What is not considered an invention?

  • Scientific principles or theories. Discoveries that are in nature (that already exist although man did not discover them). Computer programs. Aesthetic creations and literary works. Surgical treatment methods. Mathematical methods.

As previously mentioned, the validity of a patent is generally 20 years, in Mexico it is, but in other countries it can be 10 years.

When the patent expires, protection for the work also expires and it becomes public domain, as well as copyright.

The IMPI (Mexican Institute of Industrial Property), a decentralized and public body, is in charge of granting patents in our country.

It is important to grant invention patents because they become "temporary monopolies" and the development and exploitation of the industry is encouraged, as well as commerce as well as the transfer of technology.

Requirements to apply for a patent

  • Application signed in 4 points.
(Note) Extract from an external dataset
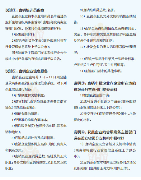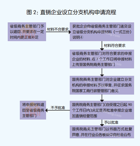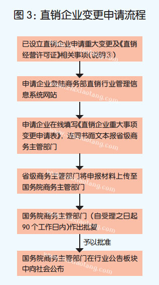 一是企业(主体)准备好申请材料,先向省级商务主管部门提出申请;接下来由省级商务主管部门对申请材料进行形式审核,并对“申牌”企业的直销活动服务网点方案进行确认;第三步就是国家商务部对省级商务主管部门转报的“申请”材料进行统一受理,并进入审批流程。

Proof of fee payment, with copies. Description of the invention. Claims. Technical drawing, as the case may be. Summary of the invention.

Processing time

Once the above requirements are met, it is published after 18 months, after publication, the substantive examination is carried out, which consists of observing the invention, if there is any, the IMPI will request the corresponding clarifications and must be addressed in 2 months. otherwise the request will be abandoned.

Patents in foreign countries.

The rights are exclusively national, that is, a Mexican patent cannot be used by third parties. They can only be reproduced in countries outside where you have patents and registrations.

An international patent can be obtained, this through the Patent Cooperation Treaty (PCT) and the European Patent Office.

If it is necessary for the patent to be international, you should consult your industrial property adviser from the beginning of the procedures to obtain the patent in Mexico to avoid the loss of patent rights abroad.

INFOPAT is the online Mexican patent search engine, check the validity of patents, offers alerts on recent patents, news, etc. This is useful to anyone in case we have something in mind or we already do it and we want to patent it, but we need to see that our idea does not exist or is really something new for society.

In this way, it helps us to develop the industrial field, since companies, perhaps to launch a new product on the market, first seek if there is already a patent on what they want to do to save time and money.